With the exception of 2020 — when schools largely switched to online learning — school shootings have become more frequent nationwide. Nearly 400 have been reported since 2018, according to CNN’s analysis.
“I've come to terms with the fact that I might die in my classroom,” said Briana Takhtani, a seventh-grade teacher in Middlesex County, New Jersey. “School was a good place to be a kid, and it just feels like that's kind of changing.”
In light of rising gun violence, classroom fixtures — such as door locks and windows — have been upgraded to increase security.
Here are some items that educators across the country say have been installed in their schools that may seem ordinary but serve a hidden purpose.
Door window covers
The day after the Robb Elementary School shooting in Uvalde, Texas, in May 2022, first-grade teacher Melissa Parrish said her school in Los Angeles conducted a lockdown drill.
“They had us cover any windows that would be exposed in the classroom,” she said. “Then we just turned off the lights and just sat silently.”
Parrish said she did her best to both comfort her young students and be honest with them.
“A lot of them were very scared. And I didn't feel comfortable saying, ‘Well, this will never happen here’ because you just don't know,” she said. “But they’re also 7 so you want to reassure them that they’re in a safe environment.”
Across the country in Raleigh, North Carolina, fourth-grade teacher Sara Andrews said her school also conducts drills with similar protocols including covering classroom windows with paper or cloth.
“I tell my kids this is a really safe building, and we're doing these lockdown drills to keep [them] safe,” she said. “However, it's such a heavy burden to sit with 9- and 10-year-olds huddling against the wall.”
Whiteboard safe rooms
One Alabama school is test-piloting a new security feature in two classrooms – bulletproof whiteboards that turn into a safe room. These floor-to-ceiling whiteboards lie flat against the wall until the safe room needs to be deployed. Within seconds, the panels can be converted into a bulletproof room that can be locked from the inside.
The inventor, Kevin Thomas, told CNN that school safety was never a business he intended to get into.

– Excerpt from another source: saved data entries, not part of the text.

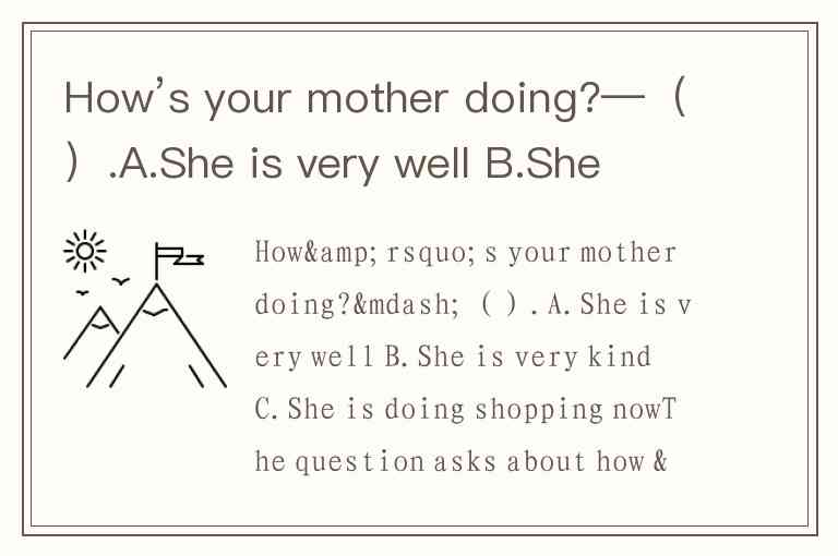 How’s your mother doing?—().A.She is very well B.She is very kind C.She is doing shopping now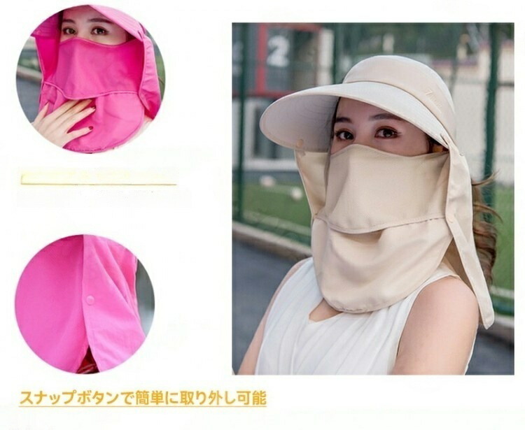 日除け帽子 4way UVカット 紫外線対策 日焼け防止 グッズ 春 夏 秋 日よけ 帽子 農作業 フェイスカバー 水分補給 ネックカバー キャップ サンバイザー レディース UPF50+ 4way 折りたたみ 収納 ボタン取り外し 顎紐 つば広 無地 スポーツ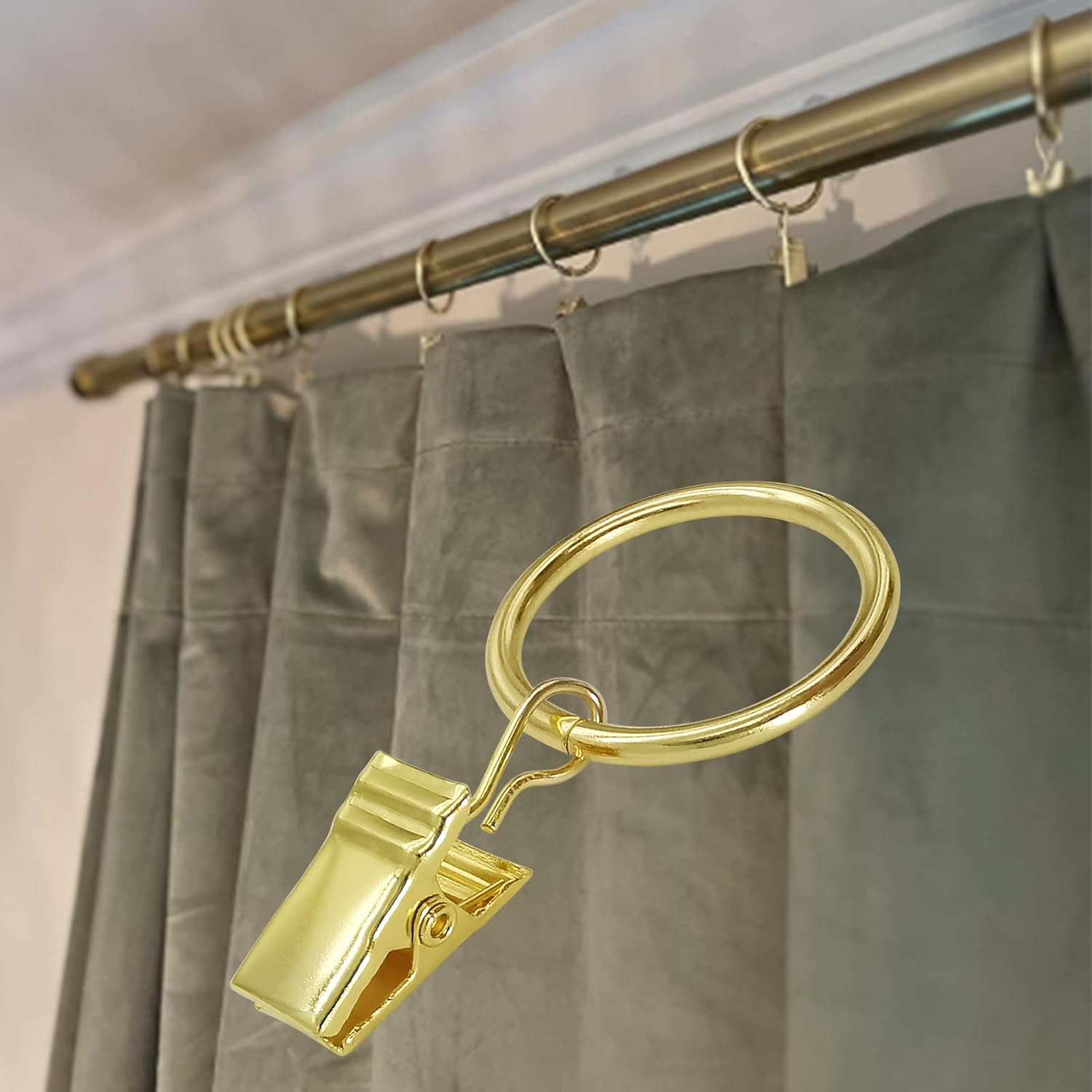 - 【Curtain Rings with Clips Package】Set includes 100 PCS gold curtain clips with rings, very suitable for hanging thick pleated curtain drapery drapes hangers fabric bows hat caps etc.

“I can't make laws, I can't change legislation,” said Thomas, founder and CEO of KT Security Solutions. “But what I can do is build these panels, and I can have them installed in schools. And I can give [children] an opportunity to go home to their loved ones tonight.”
Bullet-resistant windows that double as emergency exits
In January 2017, a student at West Liberty-Salem High School in Ohio stepped onto campus and opened fire — shooting and seriously wounding a classmate. About 400 students evacuated through their classroom windows, West Liberty-Salem Local School District Superintendent Kraig Hissong told CNN.
“They just kicked out or broke out those windows.”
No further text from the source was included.